*** Block opens ***

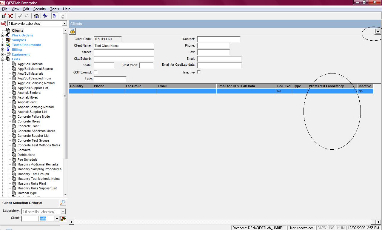 When the Preferred Laboratory button is ON then the entries are restricted to those Clients that have the Preferred Laboratory option set the same as the current laboratory (in this case Lane Cove West Laboratory). Refer images below.
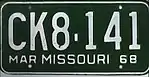 1967 | Embossed white serial on green plate with border line; month of expiration, "MISSOURI" and "68" at bottom | none | AB1-234 | First letter corresponds to month of expiration | |
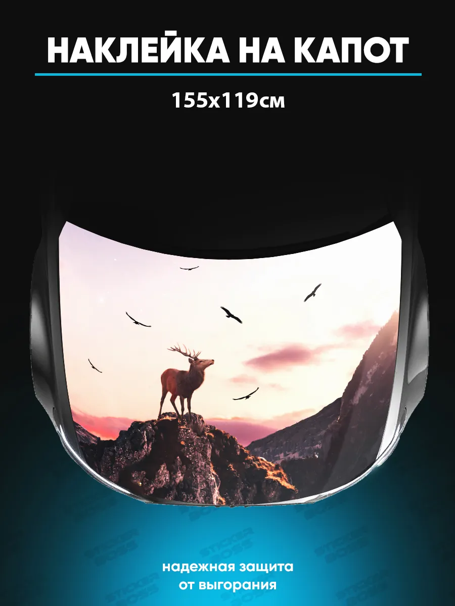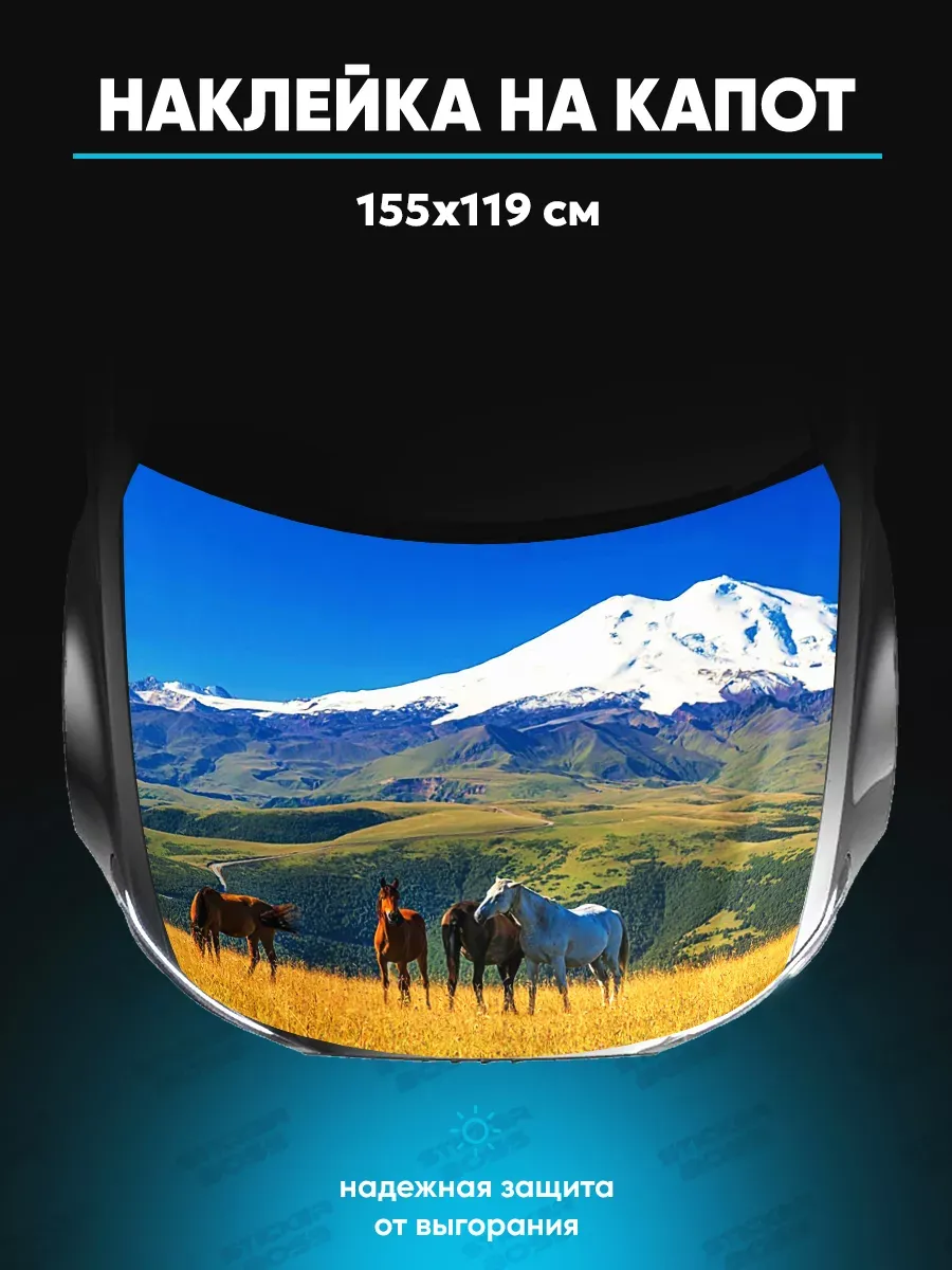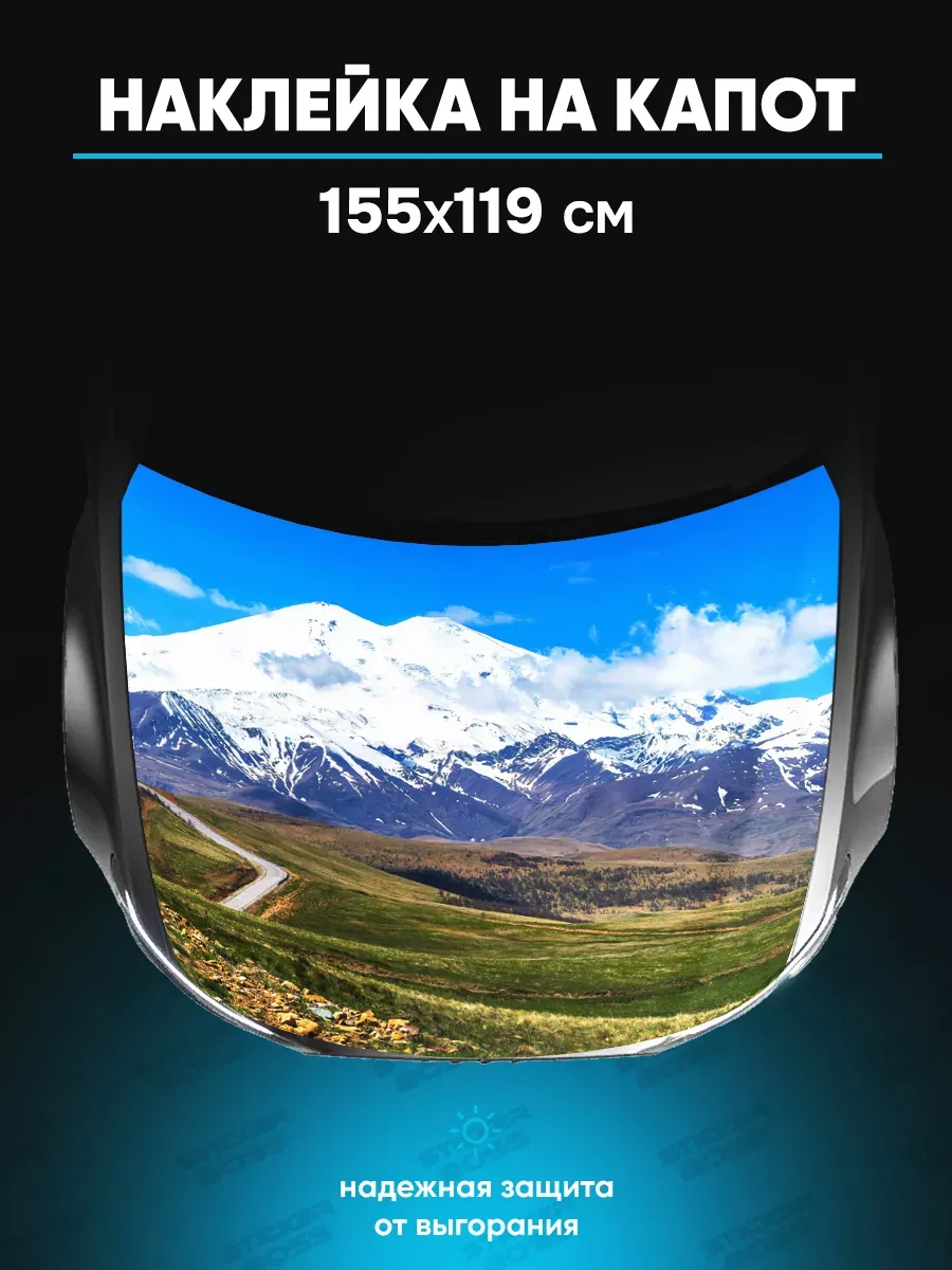 Представляем большую наклейку на капот с изображением величественных горных вершин, которая станет идеальным акцентом для вашего автомобиля

*** Block closes ***

- [Try it]:
Transcribe all of the material exactly, leaving out whatever pictures it contains.

- [Exercise response]:
 When the Preferred Laboratory button is ON then the entries are restricted to those Clients that have the Preferred Laboratory option set the same as the current laboratory (in this case Lane Cove West Laboratory). Refer images below.
 1967 | Embossed white serial on green plate with border line; month of expiration, "MISSOURI" and "68" at bottom | none | AB1-234 | First letter corresponds to month of expiration | |
 Представляем большую наклейку на капот с изображением величественных горных вершин, которая станет идеальным акцентом для вашего автомобиля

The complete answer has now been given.